Effective immediately, all compliance evaluations shall include a review of the contractor's online application systems to ensure that the contractor is providing equal opportunity to qualified individuals with disabilities and disabled veterans. The review should include whether the contractor is providing reasonable accommodation, when requested, unless such accommodation would cause an undue hardship. In this directive, the term "online system" shall include, but not be limited to, all electronic or web-based systems that the contractor uses in all of its personnel activities.

OFCCP Audits Focus on Systemic Discrimination

The OFCCP reports a record $51.7 million recovered for 22,251 workers. Of the recovery, 98% was collected for cases of systemic discrimination in the application process because of unlawful employment policy or practice according to a published account. Much of the monetary recovery came from the 14 cases of systemic discrimination referred to litigation with the DOL’s lawyers.

Government contractors are selected for audit in several ways including the use of a mathematical model that predicts the likelihood of a finding of systemic discrimination. The model analyzes data from five years of OFCCP compliance evaluations to formally identify and characterize relationships between reported EEO-1 workforce profiles and findings of discrimination. The OFCCP publishes compliance lists for one year audit cycles beginning in October of each year.

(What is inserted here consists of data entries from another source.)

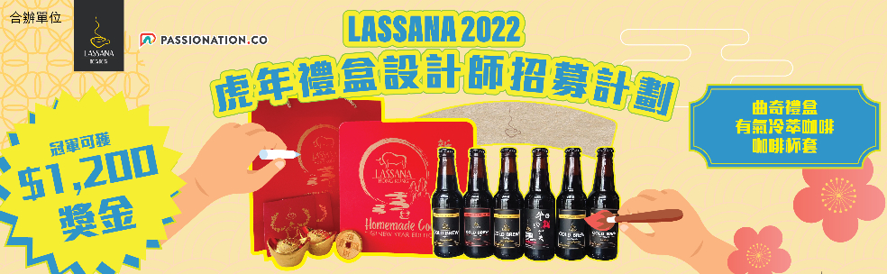 為支持本地設計師,Passionation 聯同香港本地咖啡品牌LASSANA 舉辦「虎年禮盒設計師招募計劃」,不論年齡及設計經驗,只要能運用Adobe Illustrator 或Adobe Photoshop 設計新系列合資格參賽。LASSANA 會採用冠軍的設計並生產一系列的虎年產品,包括曲奇禮盒、有氣冷萃咖啡及咖啡杯套,將於LASSANA 門市及網店上架。冠軍更可獲$1,200 獎金及價值約$800禮品;最後5強亦可各得有氣冷萃咖啡1套6枝。
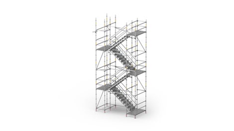 PERI UP schodisko so svojimi širokými a hlbokými schodíkmi umožňujú bezpečný prístup do budov a lešení.
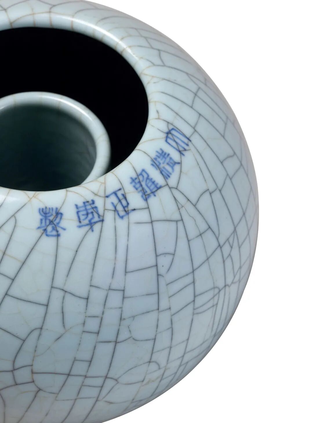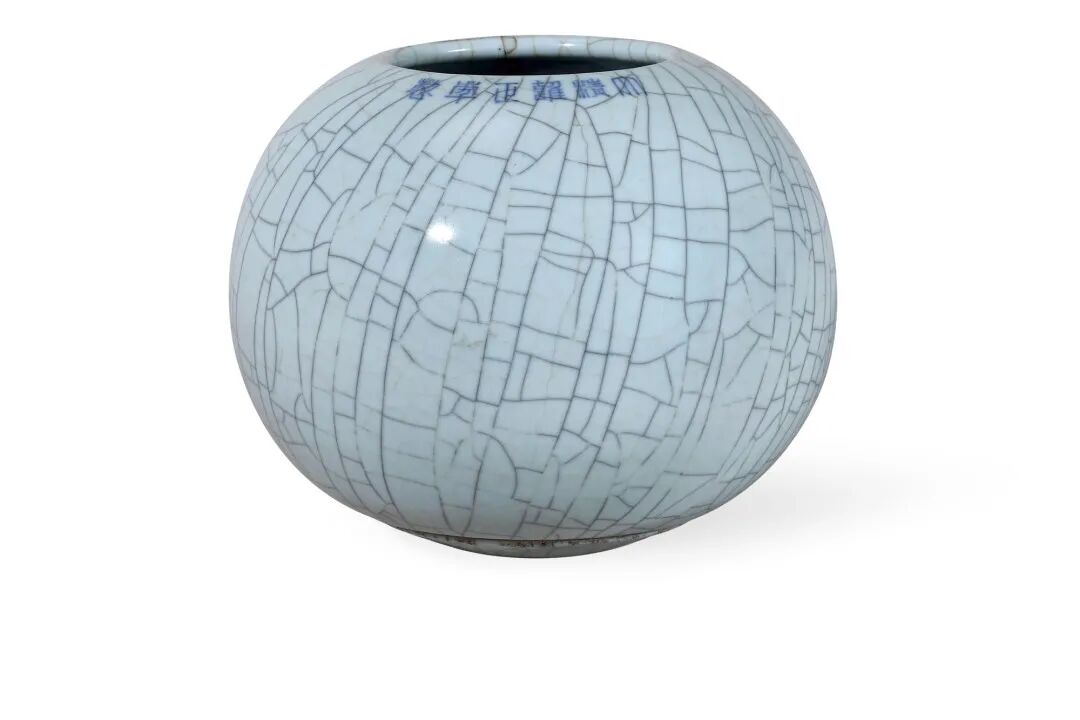 拍品呈凸球体,古雅隽美,色古而宝光内蕴,质朴而莹润凝厚。器内圆柱状直管,一体天成,匠心独运,无不彰显出榷陶使者唐英高超的制瓷技艺。其内圆柱状直管,可直接栽花之用即可成为书案上的花器,一如同时期“缂丝博古书幌”所示,内插灵芝瑞物与四时花卉,与香炉、画轴、书籍、书镇等文房同列,展现书斋之文气与风雅,以助胤禛之雅兴。若不插花之时,亦可作为内廷陈设,其静穆之釉色,令人观之抚之皆宜,不禁赞其釉色、造型之佳妙。属雍正帝御用的上品花器,专门供插花陈设之用。

We have been involved in many of these style OFCCP audits and the approach is the same. The audit is triggered by an anomaly in a business' EO Survey which shows a statistical disparity in either hires or terminations. For example, the percentage of minority applicants differs by more than 80% from the percentage of minorities hired (the four-fifths rule). The investigation into the disparity in the hiring process follows the road map set out in the OFCCP's Compliance Manual as follows:

  • Summarizing the hiring process by obtaining an employer's summary
  • Establishing the minimum objective criteria for the position.
  • Evaluating the Pass/Fail Points for disparate impact (i.e., when does an applicant move to the next step of the process).
  • Evaluating both the objective and subjective criteria for uniform application to all applicants and for business relatedness.
  • Evaluating specific safeguards as to the application of selection criteria including how well each is documented for each applicant.
  • Measuring statistical disparity by Impact Ratio Analysis (IRA) of each step and criteria.

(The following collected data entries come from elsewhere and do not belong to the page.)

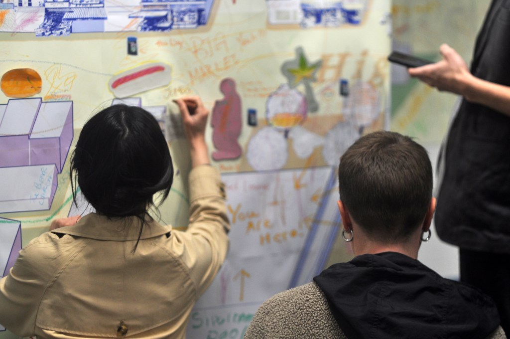 You Are Here, part of Rhizomizing en Route, is an ongoing collaborative mapping project by Stephanie Chung, Sim Orme, and Studio Biped exploring navigation, belonging, and displacement. Through a participatory map installation and walking workshop at Deptford Lounge library in 2024, we brought together long-time residents and newcomers to examine how localities anchor community amid constant change.
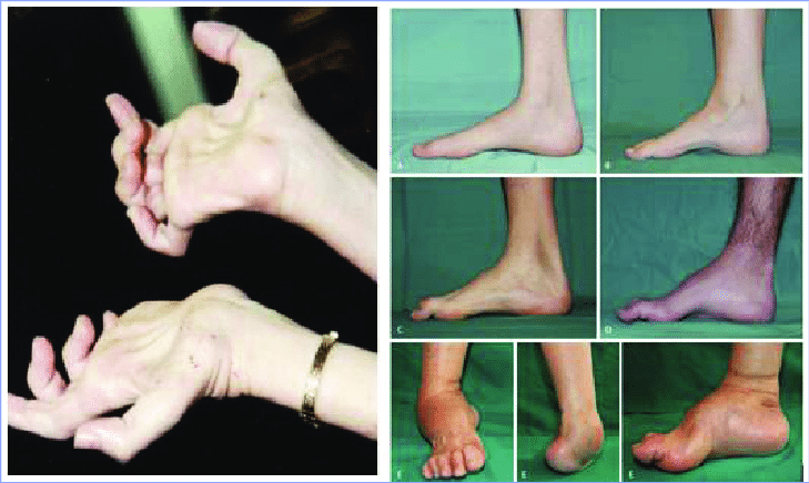 The Role of Mutations in Genes PMP22, MPZ, LITAF, EGR2, NEFL, MFN2, KIF1B, RAB7A, LMNA, TRPV4, BSCL2, GARS, HSPB1, GDAP1, HSPB8, DNM2, PRX, MTMR2, SH3TC2, SBF2, NDRG1, FGD4, FIG4, YARS, GJB1, PRPS1, in Charcot-Marie-Tooth Syndrome – Scientific Figure on ResearchGate. Available from: https://www.researchgate.net/figure/Overview-of-Skeletal-Disorders-in-the-Legs-and-Hands-of-Patients-with-Charcot-Marie-Tooth_fig4_339325328 [accessed 25 Jul, 2021]
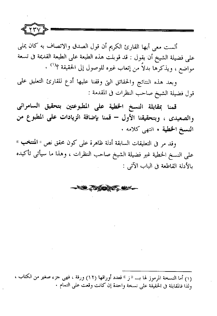 نام کتاب : الإنتصار للحق وأهل العلم الكبار والرد على من رمى الشيخ محمد ناصر الدين الألباني رحمه الله بالتساهل نویسنده : أحمد بن إبراهيم أبو العينين جلد : 1 صفحه : 237

There are many problems with the OFCCP's investigatory process, a few of which are described as follows:

1.    The OFCCP loathes subjective hiring criteria. I had a client who required that its customer service candidates be "personable and friendly". The OFCCP started out with the position that this was not a "job-related" criteria. When that didn't fly with its own legal department, the OFCCP interviewed every hiring manager and asked them to define how it applied the "personable and friendly criteria". When the hiring manager responses weren't exactly the same, the OFCCP found adverse impact because the hiring procedures weren't uniformly applied to all applicants.

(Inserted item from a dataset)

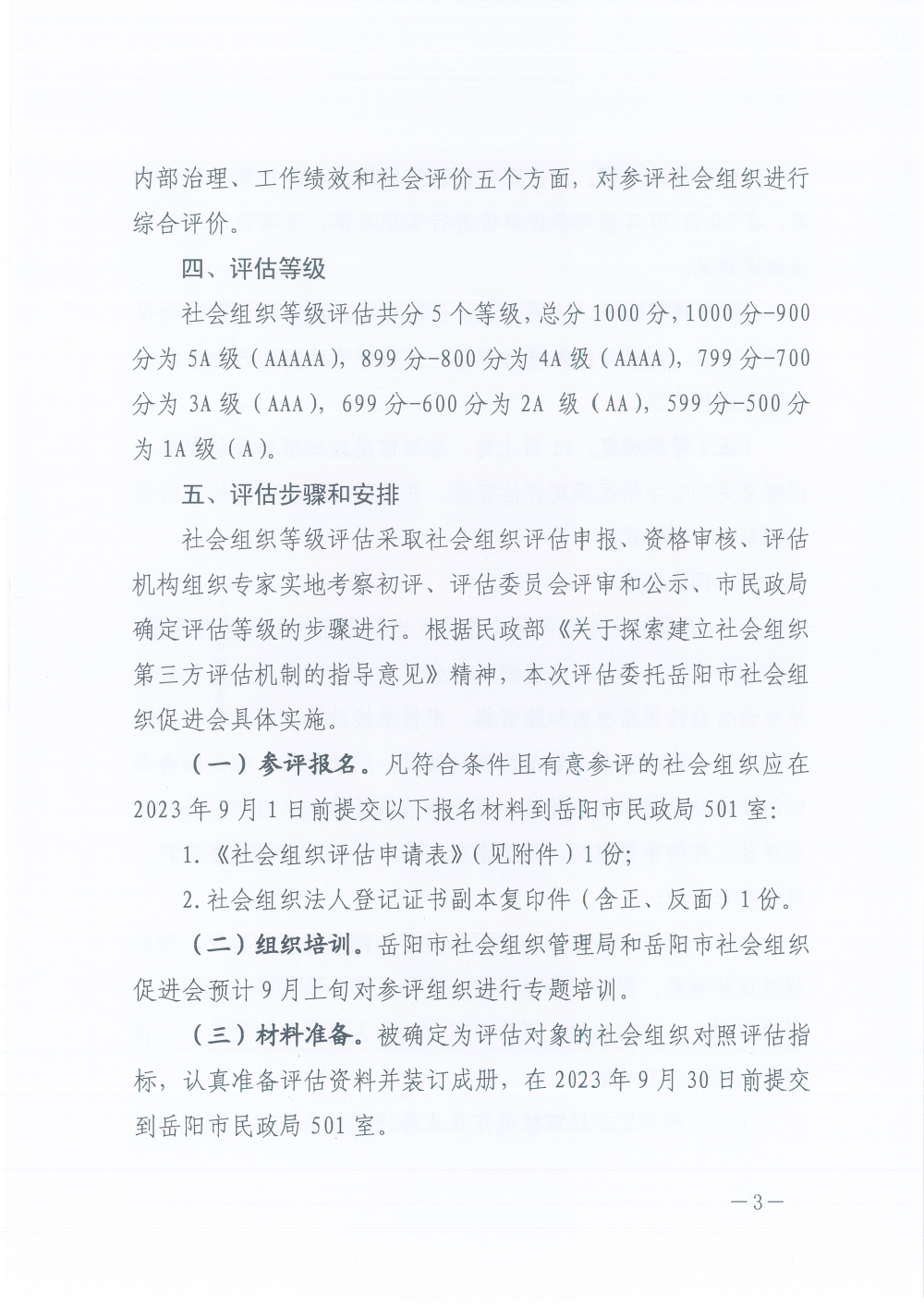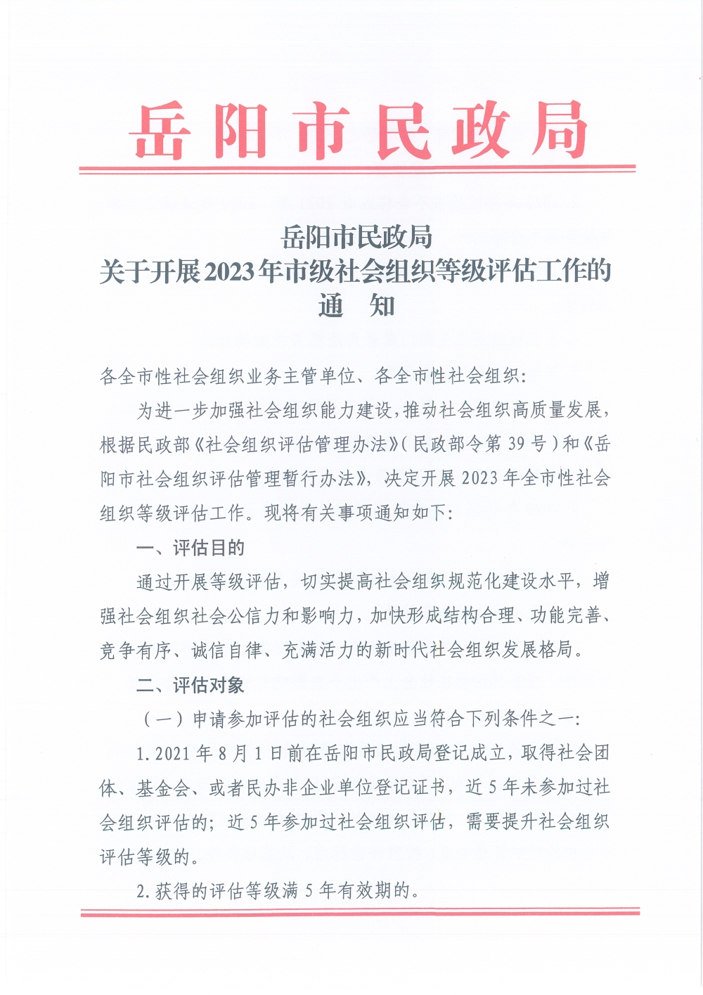 关于开展2023年市级社会组织等级评估工作的通知

2.    The OFCCP's standard for adequate record keeping of each hiring decision is extremely high and it finds that inadequate records are a form of systemic discrimination.

3.    Finding adverse impact based on the four-fifths rule is a joke in terms of its lack of statistical significance. The rule has its origin in the EEOC's Uniform Guidelines on Employee Selection Procedures. However, knowing that the OFCCP uses this flawed measure makes it all the more important to use this measuring stick when self-assessing your employment practices.

Once the OFCCP makes a finding of a prima facie case of pattern and practice discrimination, it will presume that all members of the class are victims of discrimination and assess liability against the contractor.   The employer can only argue about who is eligible for an award and how much. This is where an employer must decide to dig in its heals and litigate or settle.

A settlement with the OFCCP for systemic discrimination in the hiring process will include back pay plus interest and job offers to the affected class, internal mandated and OFCCP approved training, follow up reporting to the OFCCP and publicity in the form of an OFCCP Press Release.